Cereal

"For half a thousand years after its invention, in Mesopotamia, writing was used exclusively for bookkeeping," John Lanchester points out in his recent New Yorker article about how civilization started. "All the good things we associate with writing - its use for culture and entertainment and communication and collective memory - were some distance in the future."

Hunter's Moon 2017

And cereal, that uninspiring food we usually try unsuccessfully to get away from, played, of course, a central role in the domestication of people, along with cows and pigs, and in the rise of the State. With cereal and bookkeeping came the concept of surplus - something unknown or un-cared-about by the hunter-gatherers which we were - Lanchester reminds us - for ninety-five percent of our time before now. 

Icheon Korea Celadon on Porcelain

A potter needs to reflect on these things. Not because clay and ceramic form are tied up too in the formation of culture but almost for the opposite reason - because clay connects us to pre-agrarian times. Or at least - life in the studio does. You make what you need to make - never hoping it is more than enough - instead hoping you come close to what you see in your head. The best pots are hunted, and brought back to camp only by luck, and you never count on catching another one tomorrow.

As the harvest season approaches and Hunter's Moon follows soon after, on November third this year, I am reflecting on these ideas, and on the idea of 'labor' which is always discussed in articles of this kind. Labor is a few rungs below cereal on my ladder of things I like. Back in January I started this year off by flying to San Diego for a clay workshop, and I returned to the studio enthusiastically ready to begin throwing platters in a new way that I had learned about - pounding the clay into a giant circle on the wheelhead rather than trying to actually center it with the wheel spinning. Should be a lot less labor - should be easier. 

Randy Johnston workshop platter

Using up about a hundred pounds of clay I made three big platters this way - each cracked, either when drying or during the initial 'bisque' fire, prior to glazing. The last one of the three sat in the studio all summer - so long that I forgot what that glaze was that I had splashed all over it - I knew it would crack too when I put it in the kiln but I did anyway, last week, partly just out of defiance - I wasn't going to pitch that big platter into the dumpster after I'd devoted so much valuable shelf space to it all these months. Plus - I wanted to see what would happen. I think you should be, in the studio, at least some of the time, the way we were back when we hunted and gathered out on the steppes or deep in the forest - drawn forward just out of plain curiosity, determined to find out what's just out of sight up ahead. Why not? It's not like we have to be back - we're not on a schedule. Not yet. 
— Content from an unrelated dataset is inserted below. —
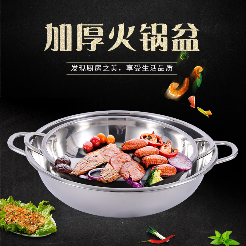 創發食品級火鍋専用鍋 ステンレス製鴛鴦鍋 汎用シングルボトム清湯鍋 中華風厚底しゃぶしゃぶ鍋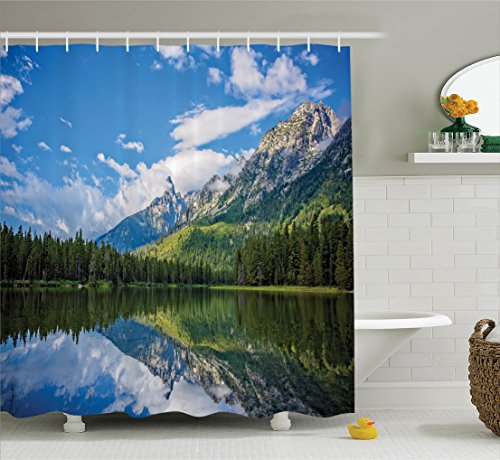 Lake House Decor Shower Curtain Set By Ambesonne, Pure Mountain Lake Scenery With Trees And Bright Cloudy Sky Nature Look Print, Bathroom Accessories, 69W X 70L Inches, Blue White Green

stoneware platter with ash glaze

To my delight the platter cracked not just radially, as I'd expected, a fissure from rim to center - but the fissure itself split apart and curled around, as if it too was curious. I like it! I said to myself as I brought it, still warm, onto a plywood table in the studio. It is useless - unsellable, ill-suited for containing, presenting, serving, or anything else - it is monumental like the number of hours per week that the hunter-gatherers had at their disposal. Apparently it took about seventeen hours a week to hunt and gather, and another nineteen to do other "domestic activites and chores." The rest was free time - you could do what you want. And you didn't have to write anything down.